The AST is searched for assignments of the form path(x) = .... Every path that affects a relevant symbol is added to the write set. This add operation needs to take a subsumption relation into account: [x[], x.abc] is the same as [x[]] (anything reachable from x may be modified; this already includes x.abc).

If x is a local, look up its write set w and do for every relevant symbol s in w: writesEffect.add(path(s)). If x is a relevant symbol, do: writesEffect.add(path(x)).

Optimization: new pragma

The algorithm as described above has a major weakness as the following example highlights:

proc newNode(next: PNode): PNode {.writes: [].} =
  return PNode(next: next, data: "")

proc p(a: PNode) =
  var x = newNode(a)
  x.data = "abc"

p's write set would be computed to be [a.data]. Strictly speaking this is not wrong as the write set is a static approximation of what might be modified. However, it is unsatisfying. newNode always returns a new node, there is no way p can modify a.data!

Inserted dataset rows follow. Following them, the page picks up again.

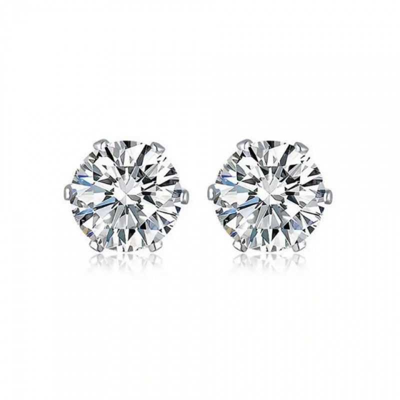 925 silver zircon white diamond ear studs 6mm [1 pair]]
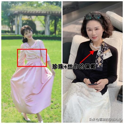 珍珠飾品想要佩戴起來更獨特,可以搭配絲巾疊穿,絲巾要系在珍珠項鍊上,讓女人顯得又貴又優雅,穿搭更出色。
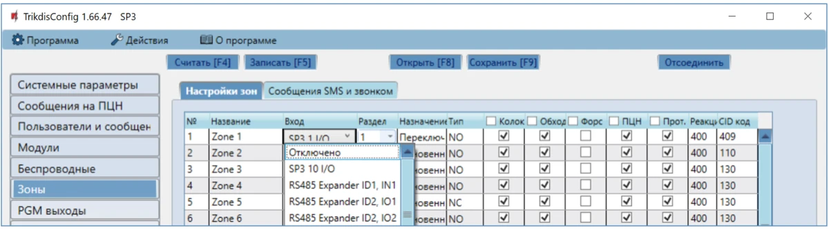 - В закладке "Зоны" сделайте настройки входам расширителя.
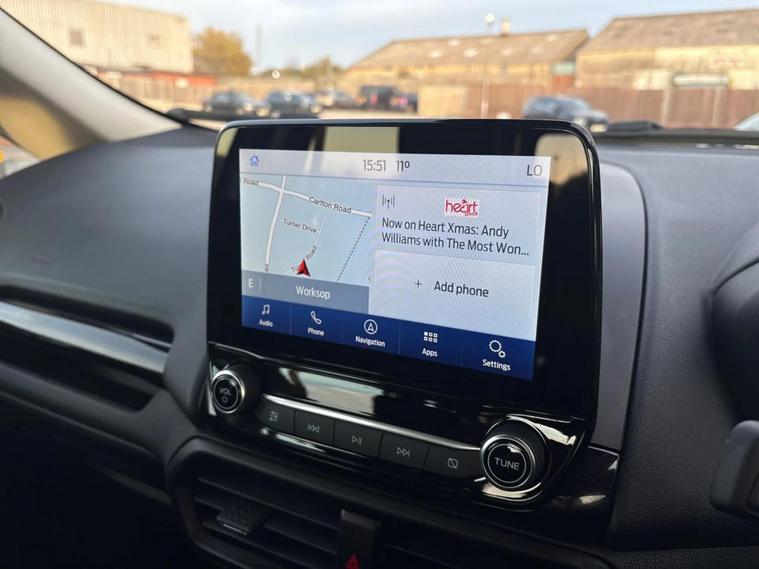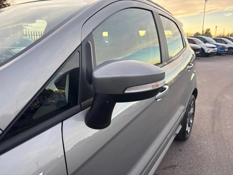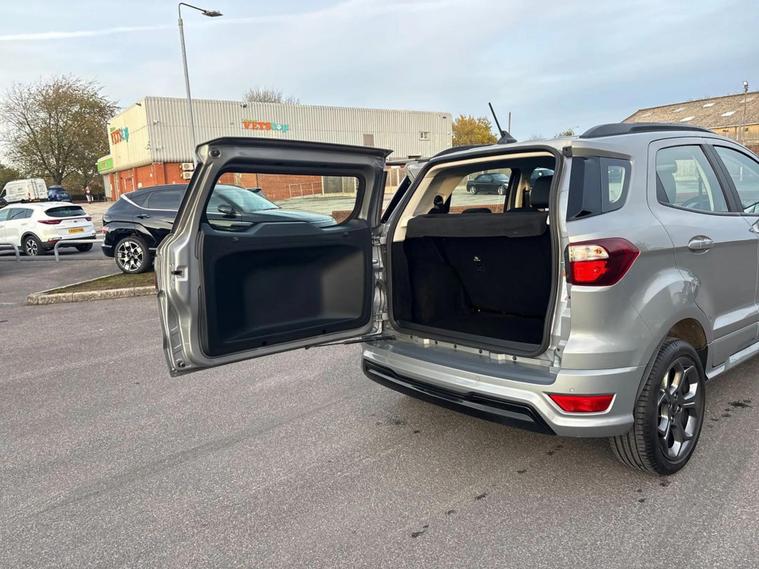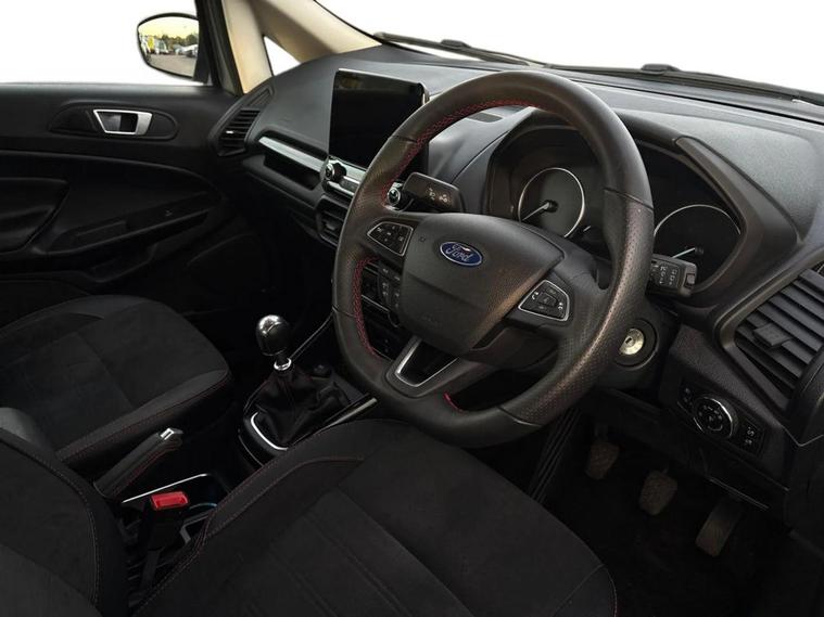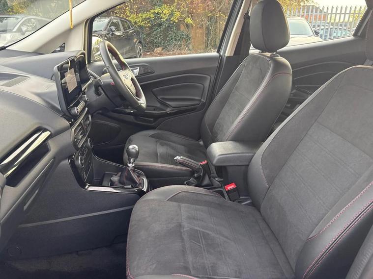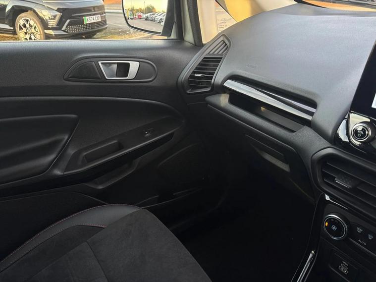 This 2022 Ford EcoSport ST-Line T is a superb example with exceptionally low mileage for its year, having covered just 18, 204 miles. This stylish compact SUV boasts a responsive 1.0L petrol engine and meets Euro 6 emissions standards. For your peace of mind, the MOT is valid until October 2026. This particular model comes equipped with automatic headlights, which illuminate the road ahead without you needing to lift a finger, and rear parking sensors to assist you when manoeuvring into tight spaces. With an impressive fuel economy of 46 mpg, this EcoSport offers an economical driving experience, making it a sensible choice for both city driving and longer journeys. Its low CO2 emissions further contribute to its cost effectiveness and environmental consideration. These highlights demonstrate how this Ford EcoSport ST-Line T stands out from other vehicles in its class, offering a compelling combination of style, practicality, and efficiency.
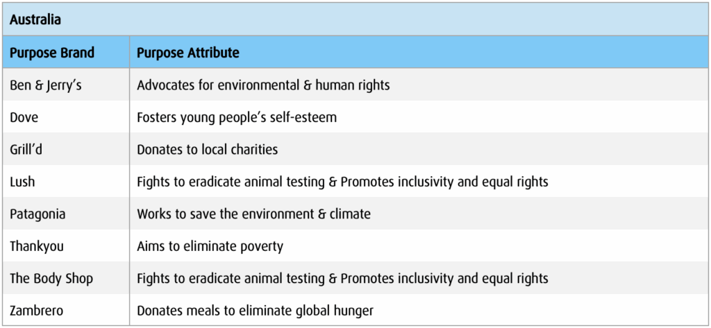 The first step was to select brands that were ‘exemplars’ of the brand purpose strategy. That is, brands that have been consistently executing their brand purpose for a significant amount of time. These purpose brands were selected based on secondary research (e.g. via their advertising, packaging, websites, and advertising awards), and then confirmed with other independent researchers. The selected purpose brands are displayed below.

The solution is to infer that newNode always allocates a new node:

proc newNode(next: PNode): PNode {.writes: [], new.} =
  return PNode(next: next, data: "")

proc p(a: PNode) {.writes: [].} =
  # since 'newNode' returns a fresh object, we know 'x' doesn't alias 'a'
  # here:
  var x = newNode(a)
  x.data = "abc"

As usual, the annotation new can be explicitly added for the cases where it cannot be inferred (when the proc's body is not avaliable).

Since it is now obvious p has no side effects and doesn't modify the object pointed to by a the compiler could emit a warning or even an error; p only consists of dead code.